Friday, September 16, 2005

Doctoring the OBERAC

We are finally nearing the ceasefire, when all bloggers, newspapers, television, billboards, posters and assorted electioneering symptoms must be removed from the public domain. From midnight tonight until the polling booths close at 7pm Saturday night, no partisan political broadcasts are allowed. Period.

Speaking of which, hasn't the mainstream media had a case of the woman's weeklies over the last four weeks? Policy direction has had a poor showing this election, bullied out by gossip, spite, mudflinging, scandals, kidnapping, marketing, photoshopping, opining, horoscopes, and more nutjobs than a Whittaker's Peanut Slab factory.

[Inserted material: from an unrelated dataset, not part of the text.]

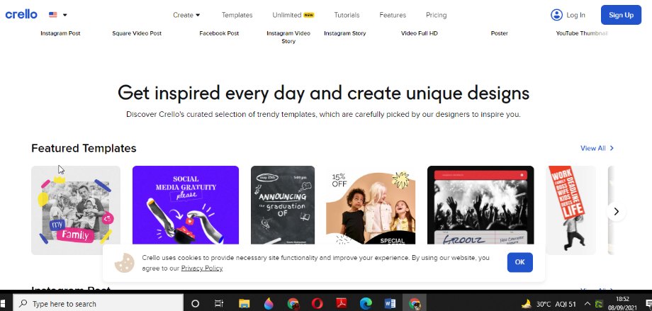 What's special about Crello is how it comes with an Animation Maker Suite, especially great for video editing and all your animated ventures. You can edit professional ready-made templates or use the logo maker to create inspiring logos for your brand.
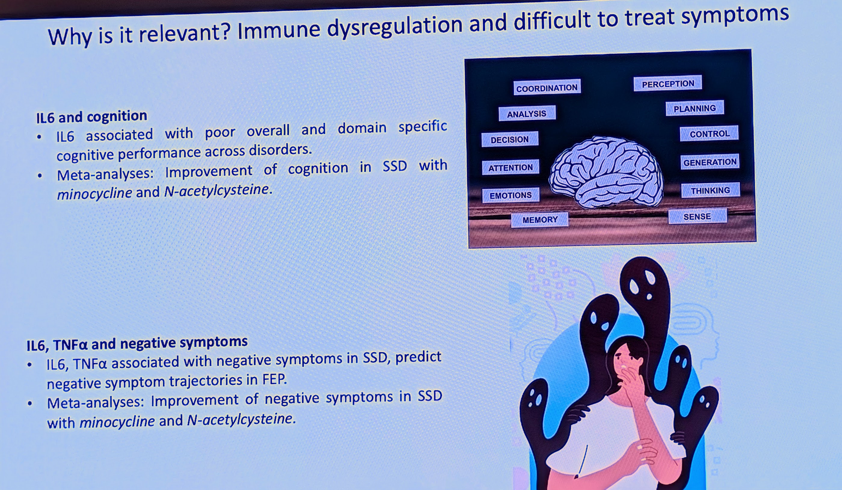Deze immuunontregeling is klinisch relevant: het is gekoppeld aan therapieresistentie en aan moeilijk te behandelen symptomen zoals cognitieve problemen en negatieve symptomen (bijv. initiatiefverlies). Aanvullende behandelingen met ontstekingsremmende middelen (zoals celecoxib en minocycline) hebben in studies effectiviteit laten zien.

All credit then to the Nats for asking the Ombudsmen to kick some OIA arse on Treasury's student loan pricetag. Did any any of the media ask for the Treasury information or were they just going to take Labour's word for it? Thankfully, the Nats did the digging and shows up the Public Finance Amendment Act as the obsfucation it truly is.

Richard Prebble wrote back in March how dumping Ruth Richardson's Fiscal Responsibility Act paved the way for government fudging and manipulation of the books. We have now seen it in action. Michael Cullen can say the surplus is whatever he wants it to be, $1.9 billion can be buried in the budget, booty to buy ballots by bribery. The government's bullshit detectors, ie Treasury, have their information suppressed and reluctantly released only under duress.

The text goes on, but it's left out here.